The D.C. Bar election results are in, and Banner & Witcoff’s Darrell Mottley has been voted president-elect for the 2010-2011 term.
Mottley will assume the role of president-elect on June 24 and will serve for one year before becoming president. Also on June 24, Ronald Flagg, a partner at Sidley Austin, will become president of the D.C. Bar, replacing Kim Keenan of The Keenan Firm, who becomes immediate past president.
As in past years, voter turnout in the elections was low. Of the 69,497 ballots sent out by the bar, only 8,710 were cast -- a return rate of 12.5 percent. This year’s return rate was up slightly from the 12.1 reported last year.
In the race for president-elect, Mottley received 4,315 votes, beating his opponent Laura Possessky, a name partner at Gura & Possessky, by 750 votes.
Mottley, a George Washington University Law School graduate, focuses his practice on computer, e-commerce, electrical, mechanical and medical device patents.
He said today that as president-elect he hopes to work with the bar's board of governors to "achieve more engagement in the bar by local D.C. lawyers as well as those outside of Washington."
One way to do that, Mottley said, is to experiment with social media. He cited as an example using mobile phone text donations as a way to raise money for the D.C. Bar Foundation, which provides funding to legal service providers in Washington. "There are a lot of ways we can use technology to provide more access to lawyers wanting to get involved," Mottley said.

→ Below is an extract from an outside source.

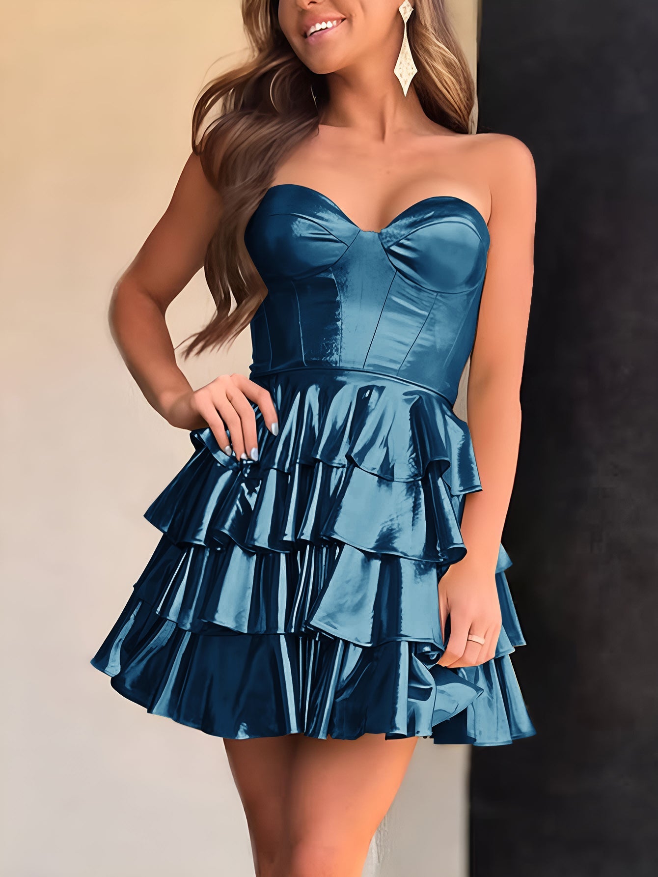 This satin short prom dress features boned pleated on the bodice. The strapless graduation dress has a sweetheart neck and ruffle hem. The sexy mini dress is ideal for high school or collage graduation party, homecoming or prom party.

In other results, Patrick McGlone of ULLICO Inc. was elected to a one-year term as secretary. Andrea Ferster of the Law Offices of Andrea Ferster was elected to a one-year term as treasurer.
H. Guy Collier Jr. of McDermott Will & Emery, Stephen Glover of Gibson, Dunn & Crutcher, Bridget Bailey Lipscomb and R. Justin Smith of the Justice Department, and Lorelie Masters of Jenner & Block were elected to three-year terms on the bar’s board of governors.
Elected for two-year terms to the American Bar Association’s House of Delegates were John Cruden of the Justice Department, Karen Lockwood of The Lockwood Group, and Lucy Thomson of Computer Sciences Corp.